HTML table to two-dimensional array
Hello everyone!
The problem is to parse the HTML table into the 2D array.
The requirements are:
1. The parser should handle rowspans, collspans, nested tables and so on. That means, everything that suites HTML standard. The thing is that the tables I need to parse are automatically generated by another program, so they are rather complex and excessive.
2. If the table contains spans, the value of the spanned cell should be put only ones in array in the left up corner of cells of this array, the other cells, correspondent to the spanned cell in HTML table should be nulled (maybe it is hard to understand, see example below).
To date I found a solutions on php (JS_Extractor JS_Extractor! And the death of Table Extractor - Jack Sleight), and Java (Java HTML Table parser Simbiosis), but is seems like they don't suite my requirements, as JS_Extractor is written on PHP and doesn't handle inherited tables, "Java HTML Table parser Simbiosis" doesn't handle even spans.
Today I tried to use HTTPUnit, but the results are disappointing too.
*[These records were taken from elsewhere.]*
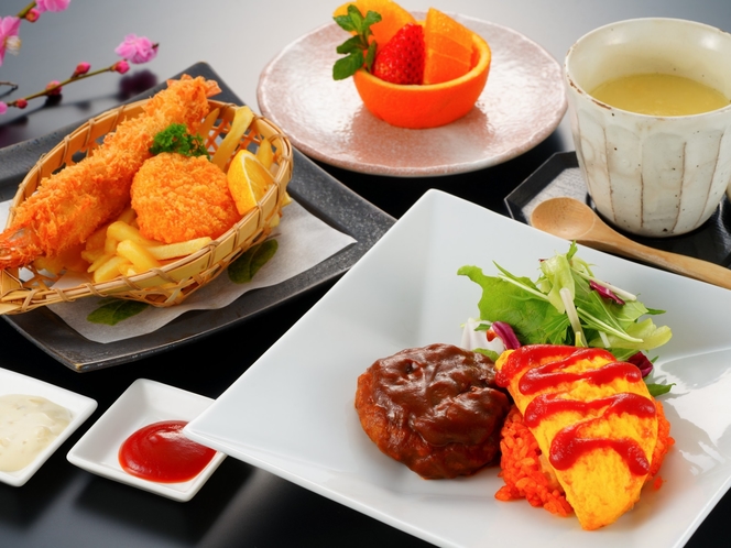 こども用の食事は、ハンバーグやエビフライなどの定番お子様ランチ。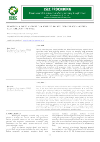 Pemodelan Noise Mapping Dan Analisis Waktu Pemaparan Maksimum Pada Area Graving Dock.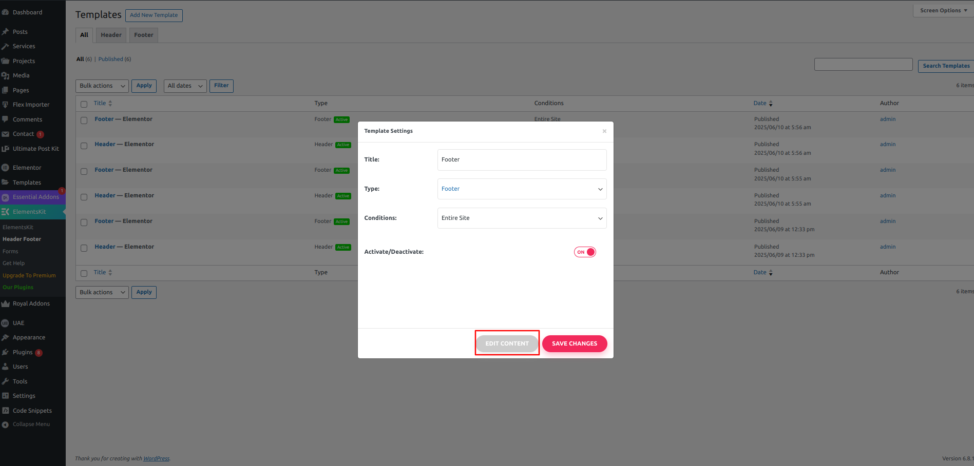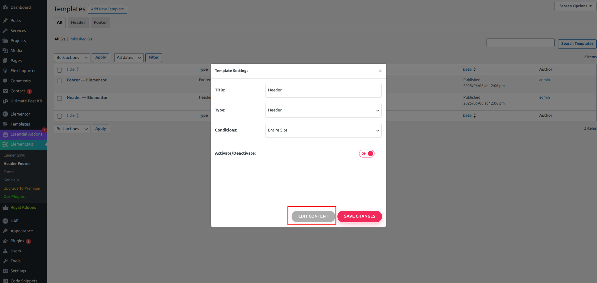 1) Go to Dashboard Elementskit Header Footer Edit.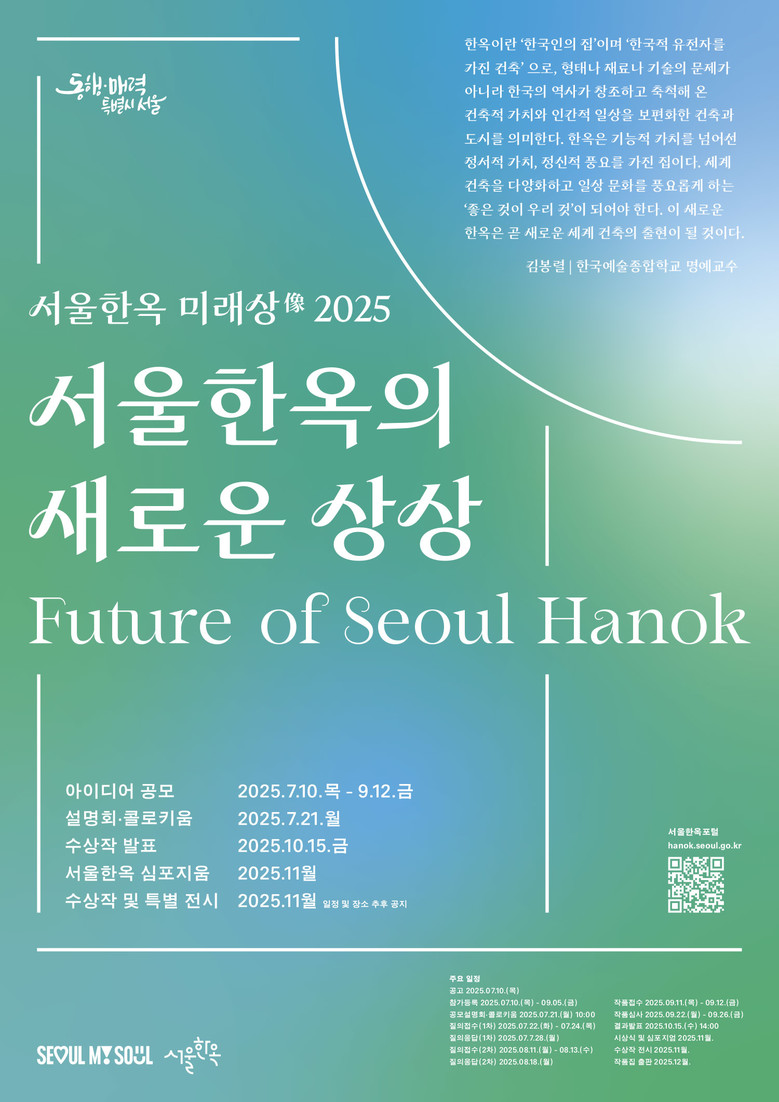 - 시, 10월 수상자 발표, 11월 서울한옥 미래상 심포지엄·영상제작·전시·작품집 예정 [서울 세계타임즈=이장성 기자] 서울시는 깊은 역사를 품은 한옥이 현대 도시의 숨결 속에서 어떻게 피어날 수 있을지, 그 미래를 함께 그려나갈 ‘제1회 서울한옥 미래상像 디자인 아이디어 공모전’을 개최한다.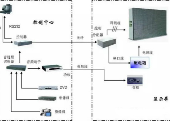 LED顯示屏安裝方案主要分為:顯示屏安裝順序、安裝電源接收卡、安裝單元模組、LED顯示屏控制系統(tǒng)連接。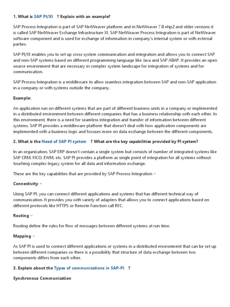4. Explain about SAP PI Technologies?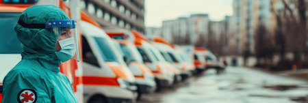 Medical personnel in masks and face shields monitor lines of ambulances at a crowded hospital engaged in disease combat operations.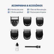 Pentes de Corte: O aparador acompanha 5 pentes removíveis com alturas de 3 mm, 6 mm, 9 mm, 12 mm e 15 mm, proporcionando opções para diferentes estilos.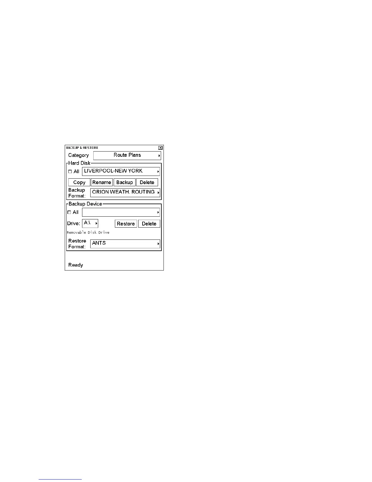3. In the Hard Disk field, select desired file from the list box and Orion weath. routing format with Backup

The simple tables are parsed correctly, but the complex ones are not.
E.g.
Table code:
Code:
<html>
<body>
<table border="2" width="20%" height="20%">
<tr bgcolor="red">
<td colspan="2" rowspan="2">
<span>1</span>
</td>
<td>
<span>2</span>
</td>
<td>
<span>3</span></td>
<td>
<span>4.1</span>
</td>
<td>
<span>5.1</span>
</td>
<td>
<span>6 last</span>
</td>
</tr>
<tr bgcolor="green">
<td rowspan="2">
<span>1</span>
</td>
<td>
<span>2.4x</span>
</td>
<td>
<span>3.3x</span>
</td>
<td>
<span>4</span>
</td>
<td>
<span>5 last</span>
</td>
</tr>
<tr bgcolor="ffcc00">
<td>
<span>1x</span>
</td>
<td>
<span>2</span>
</td>
<td>
<span>3</span>
</td>
<td>
<span>4</span>
</td>
<td>
<span>5.8</span>
</td>
<td>
<span>6 last</span>
</td>
</tr>
<tr bgcolor="yellow">
<td><span>1</span></td>
<td><span>2</span></td>
<td><span>3</span></td>
<td><span>4</span></td>
<td><span>5</span></td>
<td><span>6</span></td>
<td><span>7 last</span></td>
</tr>
</table>
</body>
</html>
This is a table, shown in Chrome (various colors represent correspondent rows):
http://xmages.net/storage/10/1/0/1/a...d/ba6aad88.png
An array I want to see as a result:
http://xmages.net/storage/10/1/0/a/c...d/01419959.png
Here you can see what I meant in the requirement number 2. "1" from the fist span and "1" from the second span are put in the left upper corner of the spanned area, while the rest cells in this area are null.
The result, given by HTTPUnit:
http://xmages.net/storage/10/1/0/0/9...d/999751f7.png
As you can see, even if we throw the requirement 2 away, we have an error in the third row here.
And this is a rather simple example, without inherited tables, with them it is terribly wrong.
What can you recomend me in that case?
I'll be happy for any help, as I can't believe this problem was not solved yet!